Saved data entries
****************
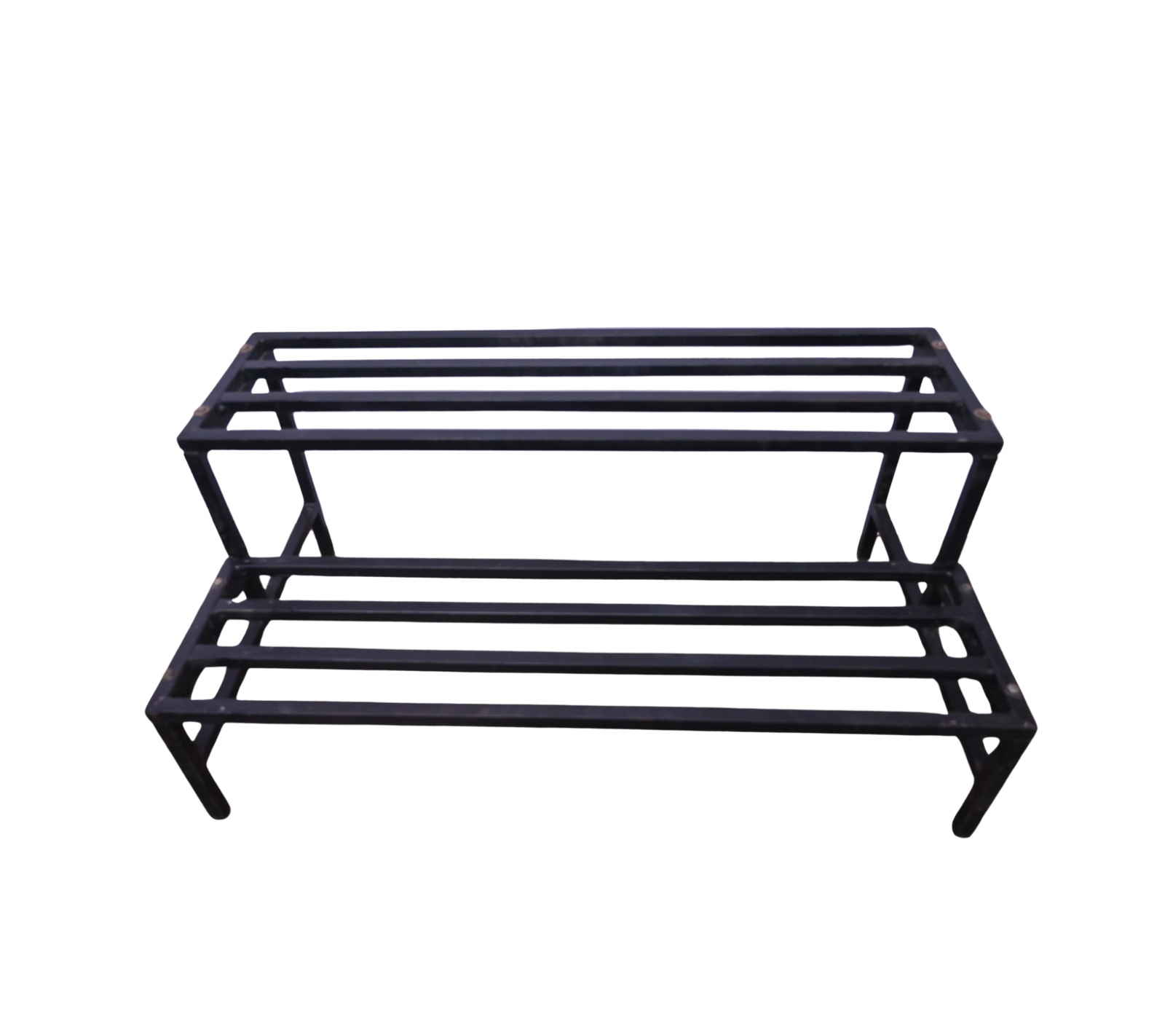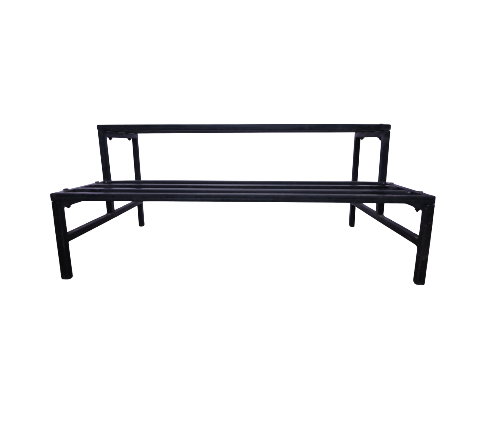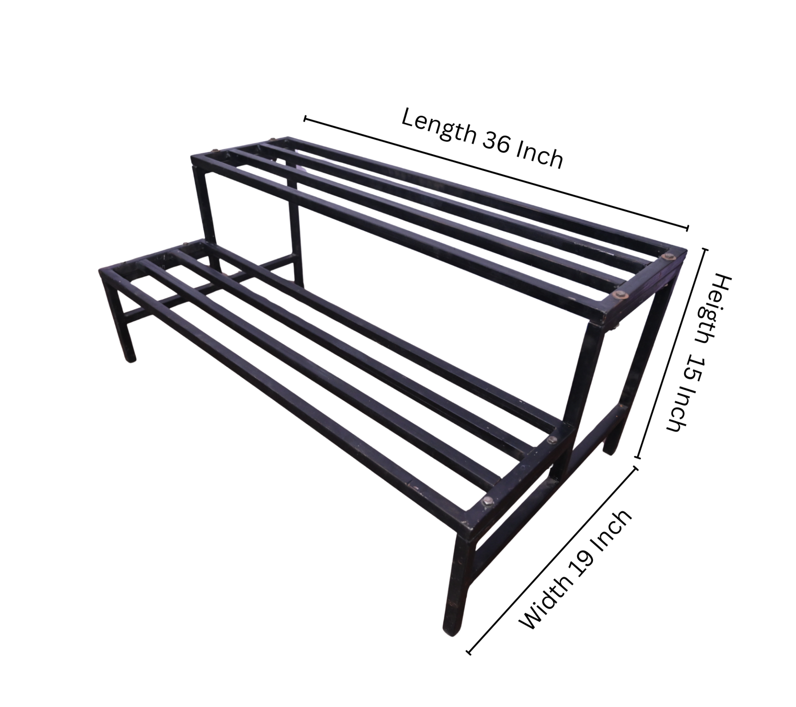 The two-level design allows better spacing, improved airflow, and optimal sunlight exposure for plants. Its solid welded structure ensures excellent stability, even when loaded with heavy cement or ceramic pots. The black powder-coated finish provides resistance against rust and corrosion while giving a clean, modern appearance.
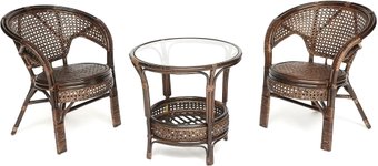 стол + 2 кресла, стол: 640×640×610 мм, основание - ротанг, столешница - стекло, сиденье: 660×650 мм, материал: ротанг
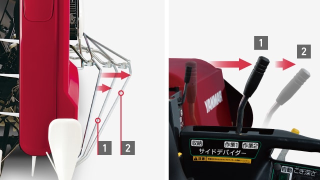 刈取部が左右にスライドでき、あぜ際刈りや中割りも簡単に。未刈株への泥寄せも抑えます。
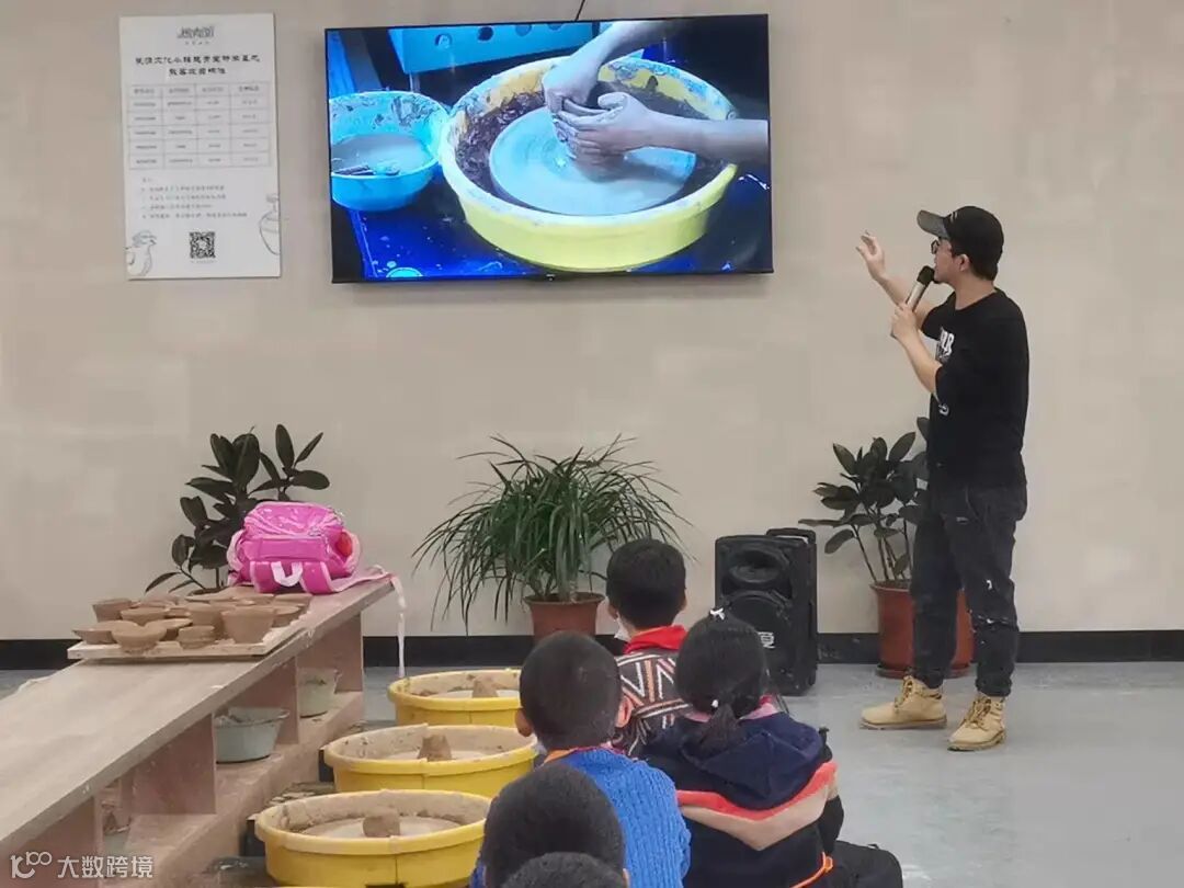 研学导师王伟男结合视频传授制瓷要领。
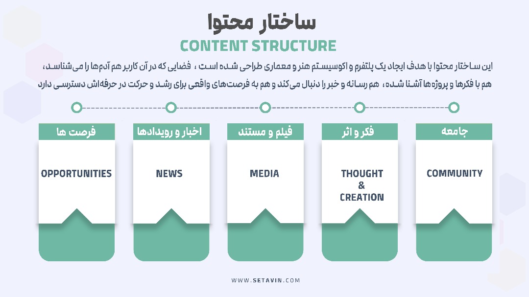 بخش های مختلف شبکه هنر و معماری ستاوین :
****************
▶ _WHAT TO WORK ON_
Word for word, repeat all the data, but not its images.

▶ _SOLUTION TO THIS PROBLEM_
 The two-level design allows better spacing, improved airflow, and optimal sunlight exposure for plants. Its solid welded structure ensures excellent stability, even when loaded with heavy cement or ceramic pots. The black powder-coated finish provides resistance against rust and corrosion while giving a clean, modern appearance.
 стол + 2 кресла, стол: 640×640×610 мм, основание - ротанг, столешница - стекло, сиденье: 660×650 мм, материал: ротанг
 刈取部が左右にスライドでき、あぜ際刈りや中割りも簡単に。未刈株への泥寄せも抑えます。
 研学导师王伟男结合视频传授制瓷要领。
 بخش های مختلف شبکه هنر و معماری ستاوین :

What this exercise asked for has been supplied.